Los últimos días han sido difíciles para el país; el Presidente no ha podido dormir por primera vez desde que asumió el poder, quizás porque en esta ocasión a él no le llegó a tiempo el reporte de sus subalternos, de que las cosas no estaban del todo mal.
Para los cientos o miles de hombres, mujeres, niños y ancianos de la amplia zona afectada por el ciclón, la situación ha sido una pesadilla, primero por el azote de las fuerzas de la naturaleza y su secuela de caos y de todo lo que implica la lucha por la sola sobrevivencia, pero luego ante la incapacidad y la pequeñez de los hombres del gobierno para prevenir y enfrentar desastres; de ello se ha hablado ya profundamente en los medios.

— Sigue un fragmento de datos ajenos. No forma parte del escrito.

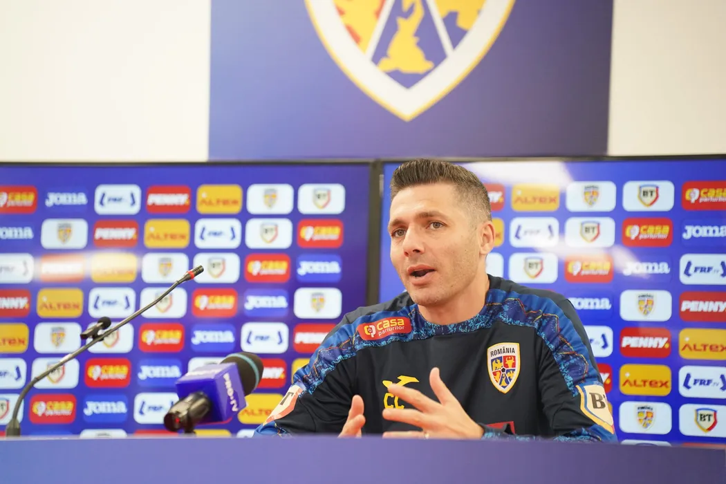 Costin Curelea la conferinta de presa de dinaintea meciului amical impotriva Serbiei U21, desfasurata la Stadionul Francisc Neuman din Arad, joi 9 octombrie 2025. © FOTO:Alexandra Fechete/SPORT PICTURES

Pero existe otro grupo que tampoco ha podido dormir por razones un tanto distintas. Me refiero a quienes por alguna razón desconocida e inexplicable no han pagado las tenencias de sus autos y tienen la agravante de vivir además en el Distrito Federal. Para algunos el desvelo ha sido causado por el tiempo empleado para visitar las oficinas de la Tesorería del DF y entregar su pago. Para otros, el motivo del insomnio ha sido causado por las preocupaciones de cómo pagar, mientras las autoridades del DF se rasgan las vestiduras por la abominable ``cultura del no pago'', que parece estar proliferando en la ciudad.

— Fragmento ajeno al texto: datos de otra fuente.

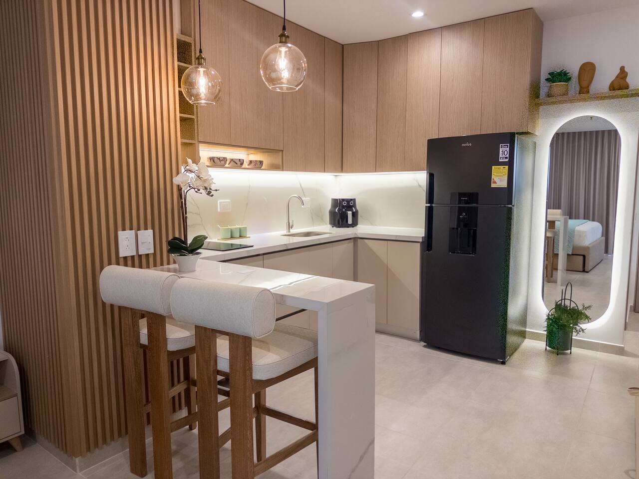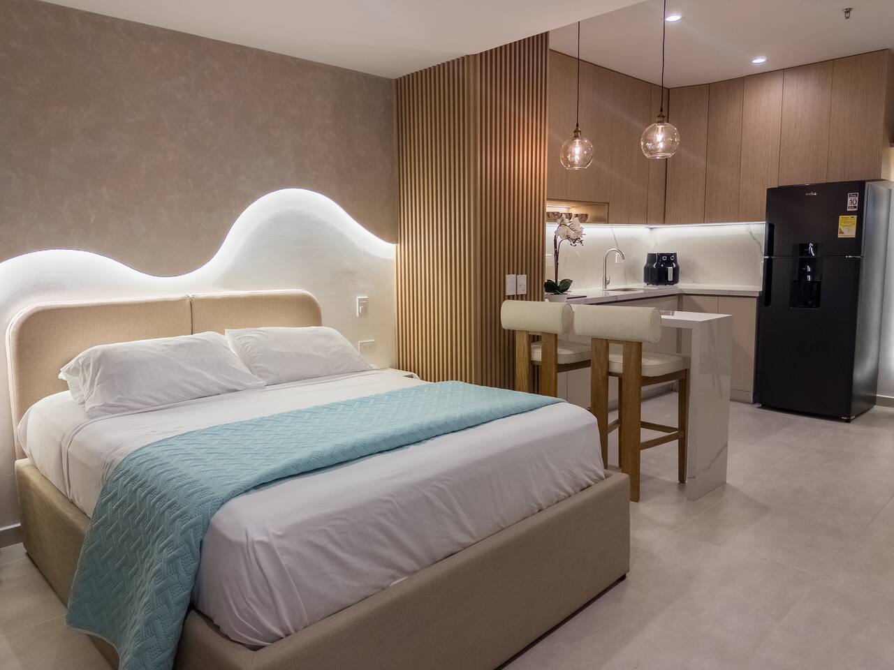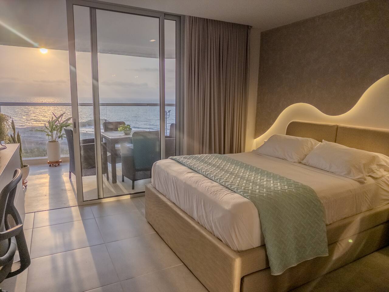 Despierta con el sonido del mar y una vista abierta al mar desde este elegante loft. Su diseño cálido y moderno crea un ambiente acogedor, perfecto para descansar o disfrutar una copa al atardecer en el balcón.

Lo que parece que a todos se nos ha olvidado, me contó ayer un amigo, es cómo empezó todo esto. Resulta que por allá de 1968, se le ocurrió a Gustavo Díaz Ordaz, o quizás a algún colaborador cercano, que el país estaba en aprietos por todo el financiamiento de las obras para las olimpiadas (entonces no se había descubierto que las olimpiadas podrían ser un gran negocio, y si lo sabían, se lo reservaron muy bien).
Se pensó entonces en que un grupo privilegiado de la sociedad contribuyera para enfrentar estos gastos. Fue así como se creó la Tenencia, un impuesto ``temporal'' que debía ser pagado por los dueños de los vehículos. El impuesto fue aprobado, por el congreso respectivo, sin que a ninguna de las nueve legislaturas siguientes se les ocurriera pensar en si ya se habían cubierto los objetivos que motivaron su entrada en vigor, y si las condiciones económicas actuales y, sobre todo, el eficiente uso de esos recursos aconsejan mantener tal impuesto, aún a sabiendas de que se trataba de un impuesto poco usado en otros países.
Las fallas de la memoria colectiva no se reducen a este ejemplo, la lista de casos parecidos es larga. Dos son quizás relevantes en estos tiempos de insomnio. Una de ellas tiene que ver con el incremento al IVA, ordenado por el presidente Zedillo y acatado e impuesto por la mayoría priísta de la Cámara, supuestamente para pagar el préstamo financiero otorgado por Clinton, cosa que ya se hizo.
El incremento impositivo constituyó un grave agravio a la sociedad, no sólo por los gestos conocidos del jefe de la Cámara, sino porque con él se hacía pagar todos los errores del gobierno (particularmente de sus jefes, que en esos momentos sí pudieron dormir, según parece) y la voracidad de unos pocos privilegiados. El incremento, se dijo entonces, además de facilitar el pago de la deuda recién contraída, permitiría superar la crisis, cosa que también ya sucedió según el propio Presidente. ¿Por qué pues se mantiene el impuesto sin regresarlo a su nivel anterior?
El otro ejemplo nos regresa de nuevo a Guerrero y Oaxaca con sus víctimas del ciclón, y tiene que ver con las promesas ya olvidadas de que al deshacerse de los lastres de las empresas paraestatales, el gobierno podría orientar más recursos al gasto social, cosa que desde luego no ha sucedido, como lo ha puesto de manifiesto el ciclón (tal como lo describió con claridad José Luis Linares en su columna de esta semana). Una posible lección de todo esto, es que a veces la amnesia suele producir insomnio, aunque tampoco debiéramos descartar que el insomnio produzca amnesia.